Machine Learning & Big Data Blog

Interpretability vs Explainability: The Black Box of Machine Learning

9 minute read
Jonathan Johnson

Interpretability has to do with how accurate a machine learning model can associate a cause to an effect. Explainability has to do with the ability of the parameters, often hidden in Deep Nets, to justify the results.

This is a long article. Hang in there and, by the end, you will understand:

  • How interpretability is different from explainability
  • Why a model might need to be interpretable and/or explainable
  • Who is working to solve the black box problem—and how

What is interpretability?

Does Chipotle make your stomach hurt? Does loud noise accelerate hearing loss? Are women less aggressive than men? If a machine learning model can create a definition around these relationships, it is interpretable.

All models must start with a hypothesis. Human curiosity propels a being to intuit that one thing relates to another. “Hmm…multiple black people shot by policemen…seemingly out of proportion to other races…something might be systemic?” Explore.

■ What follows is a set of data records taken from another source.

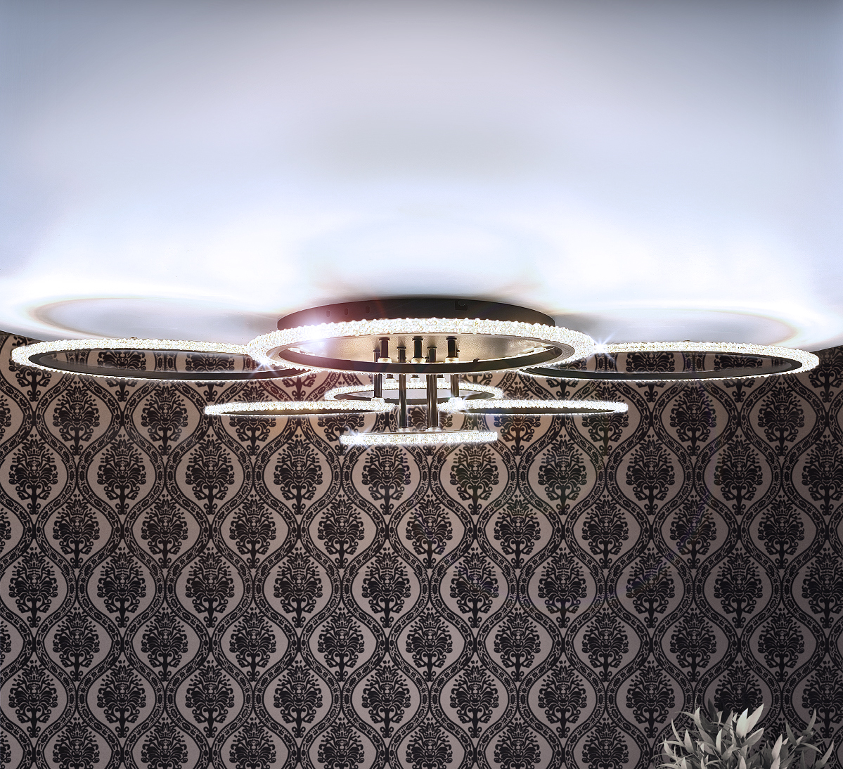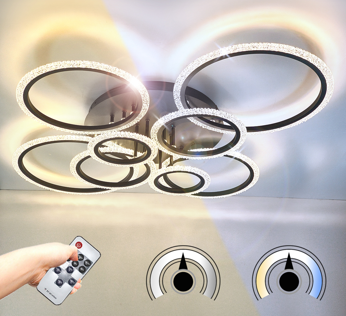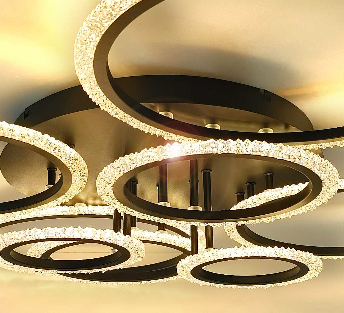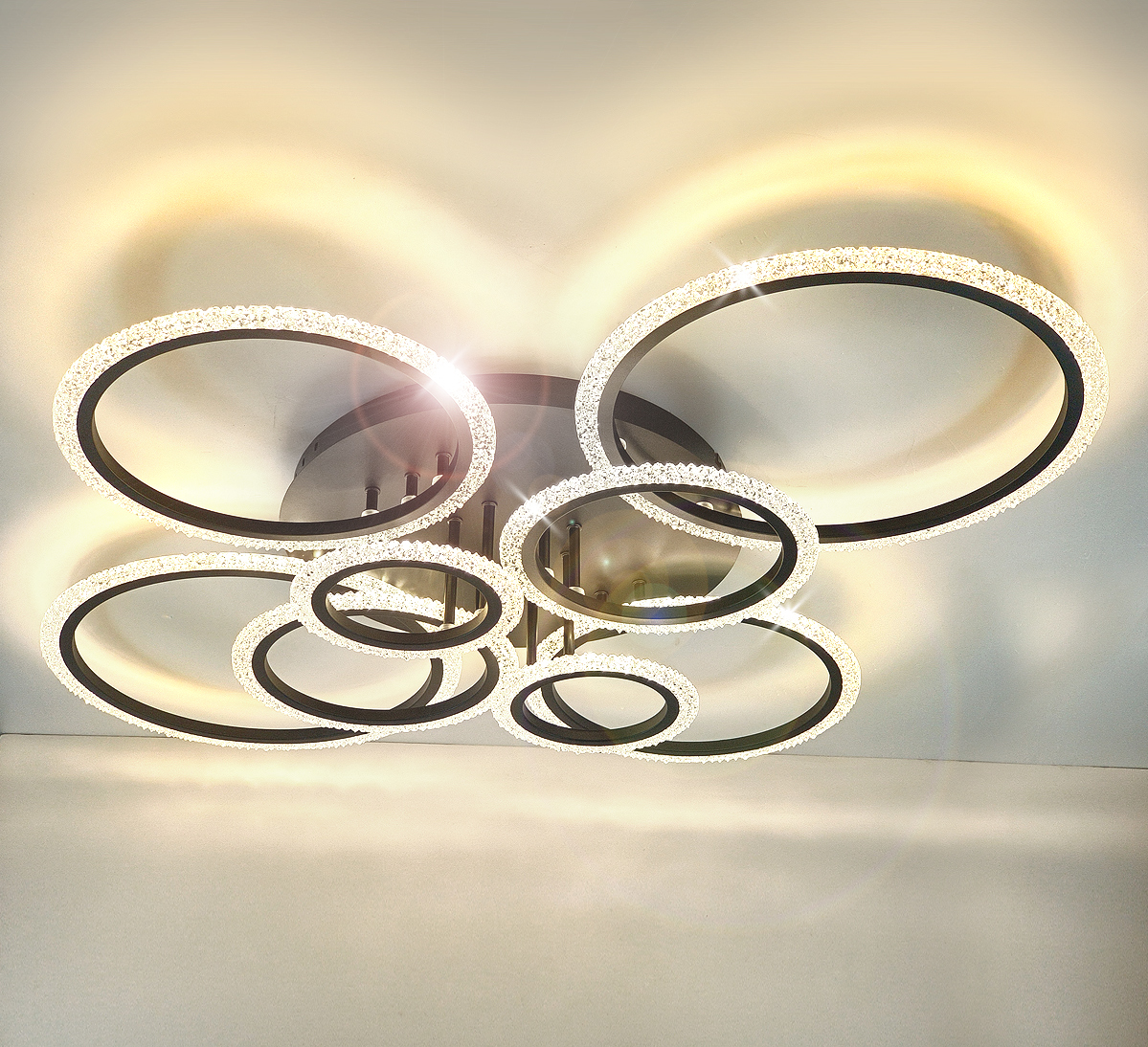 Ta elegancka lampa z 8 pierścieniami doskonale nadaje się do oświetlenia sufitowego.
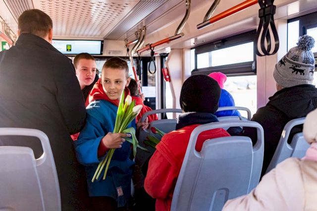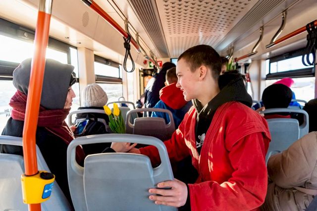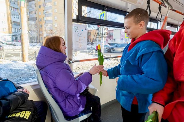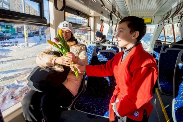 Необычная праздничная акция прошла сегодня в трамваях, курсирующих из Верхней Пышмы в Екатеринбург. Воспитанники Спортивной школы единоборств вместе с тренером Иваном Пантюхиным и координатором федерального партийного проекта «Zа самбо» в Свердловской области Алексеем Сваловым вручили каждой девушке по букету тюльпанов.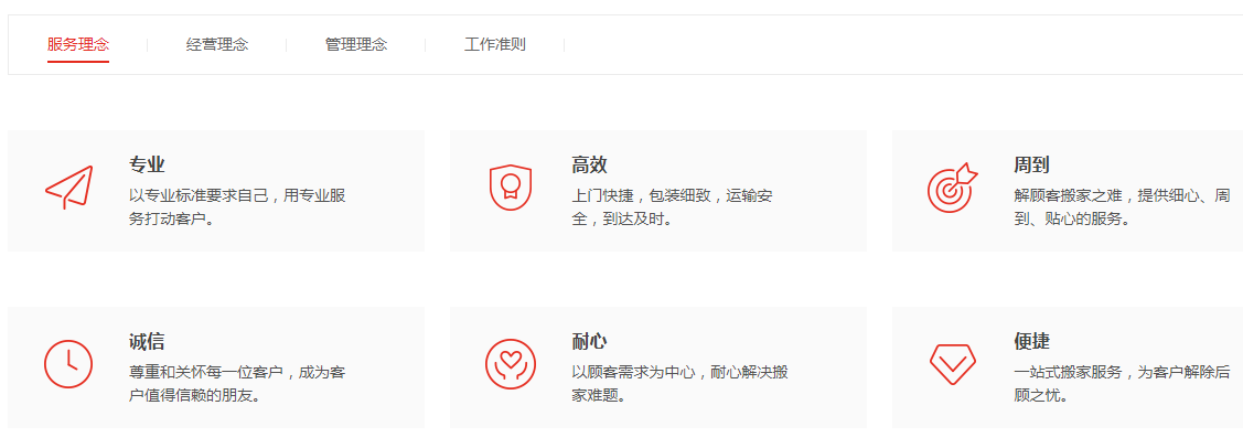 服务理念是专业、诚信、高效;工作准则是不延误、不失信……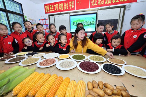 A teacher helps primary school students in Baokang county, Central China's Hubei Province, identify different grains. This is part of activities across the country to raise students' awareness of protecting food ahead of World Food Day, which falls on Wednesday. Photo: VCG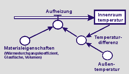 Bei der Aufheizung haben wir es mit einem einfachen Zufluss zu tun. Die Gleichungen können analog zum Abkühlprozess formuliert, programmiert und simuliert werden. |
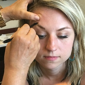 Step 1. Pull UP your arch with your thumb and using the angled brush tip fill it in with the Color. Then complete the rest of your brow.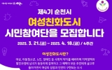 순천 전향윤 기자2025. 03.25[뉴스맘]순천시는 건강하고 행복한 여성친화도시 조성을 위해 ‘제4기 여성친화도시 시민참여단’을 4월 18일까지 모집한다고 밝혔다. 시민참여단은 ‘여성친화도시 순천’을 목표로 시민이 주체가 되어 운영되며, 여성친화도시 추진사업에 대한 홍보 및 의견수렴, 양성평등마을 공모사업 등을 통해 성평등 문화 확산 및 도심 안전 모니터링, 생활 불편사항 개선 건의 등의 역할을 수행할 예정이다. 임기는 2년으로 순천시에 거주하는 만 19세 이상 시민이면 누구나 지원할 수 있다. 모집인원은 50명으로 성별, 연령, 활동경력 등을 고려해 다양한…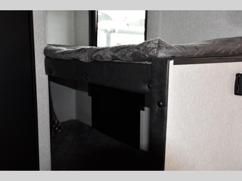 Step inside and discover a thoughtfully laid-out interior that maximizes every inch. The front queen bed provides a comfortable, private sleeping space, while the rear bunk beds make this trailer perfect for families, guests, or extra storage when not in use. Cozy up in the living area with cushioned seating that easily converts for extra sleeping space or lounging after hiking, biking, or paddling at your favorite destination.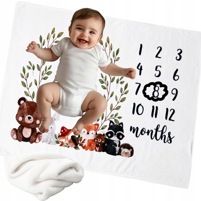 ✅ Miękki kocyk z możliwością zaznaczenia aktualnego wieku dziecka jest świetnym gadżetem ułatwiającym wykonanie zestawu pamiątkowych fotografii rosnącego maluszka.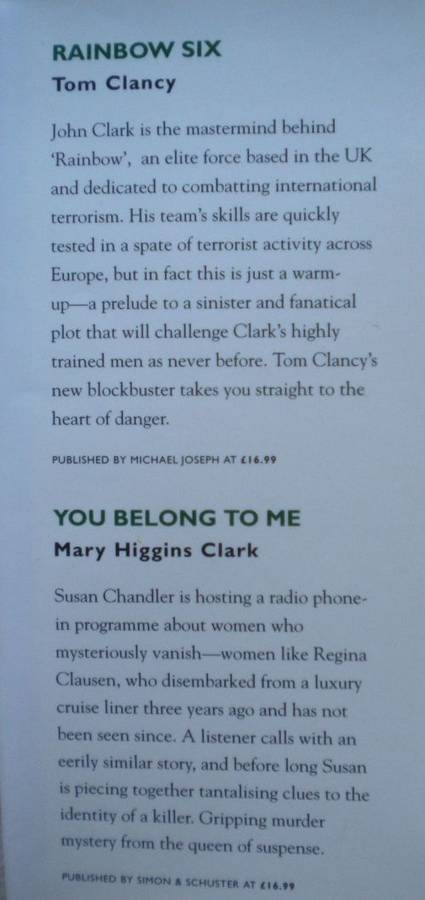 Reader's digest select editions: Rainbow six, You belong to me, Cloud nine, White-out. Good condition.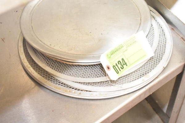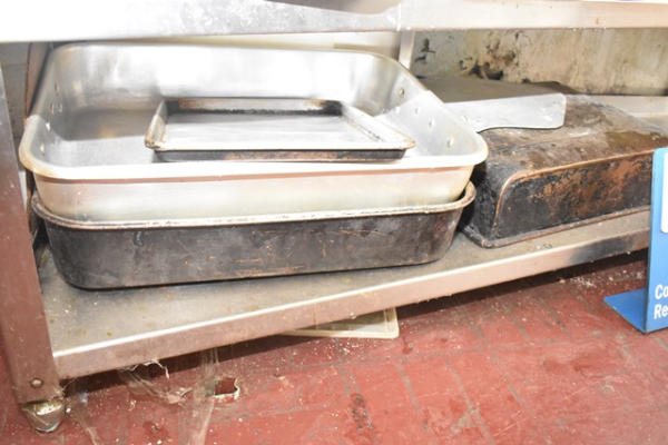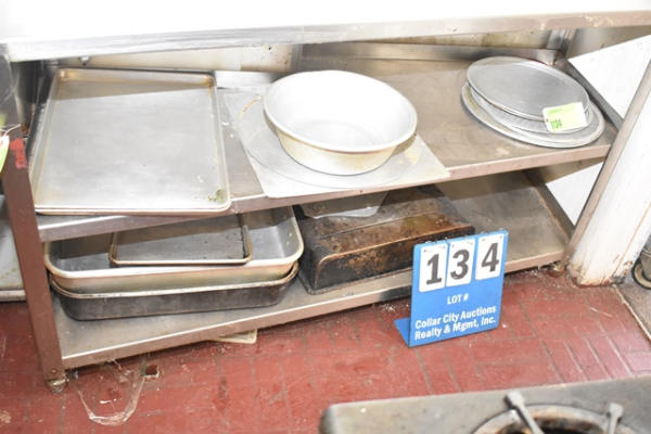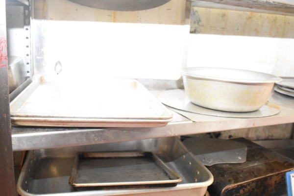 Shelving unit contents consisting of sheet pans, pans, pizza pans and screens

People create internal models to interpret their surroundings. In the field of machine learning, these models can be tested and verified as either accurate or inaccurate representations of the world.

Interpretability means that the cause and effect can be determined.

If a model can take the inputs, and routinely get the same outputs, the model is interpretable:

  • If you overeat your pasta at dinnertime and you always have troubles sleeping, the situation is interpretable.
  • If all 2016 polls showed a Democratic win and the Republican candidate took office, all those models showed low interpretability. If the pollsters’ goal is to have a good model, which the institution of journalism is compelled to do—report the truth—then the error shows their models need to be updated.

Low interpretability

Interpretability poses no issue in low-risk scenarios. If a model is recommending movies to watch, that can be a low-risk task. (Unless you’re one of the big content providers, and all your recommendations suck to the point people feel they’re wasting their time, but you get the picture). If a model is generating what color will be your favorite color of the day or generating simple yogi goals for you to focus on throughout the day, they play low-stakes games and the interpretability of the model is unnecessary.

The necessity of high interpretability

Interpretability sometimes needs to be high in order to justify why one model is better than another.

In Moneyball, the old school scouts had an interpretable model they used to pick good players for baseball teams; these weren’t machine learning models, but the scouts had developed their methods (an algorithm, basically) for selecting which player would perform well one season versus another. But the head coach wanted to change this method.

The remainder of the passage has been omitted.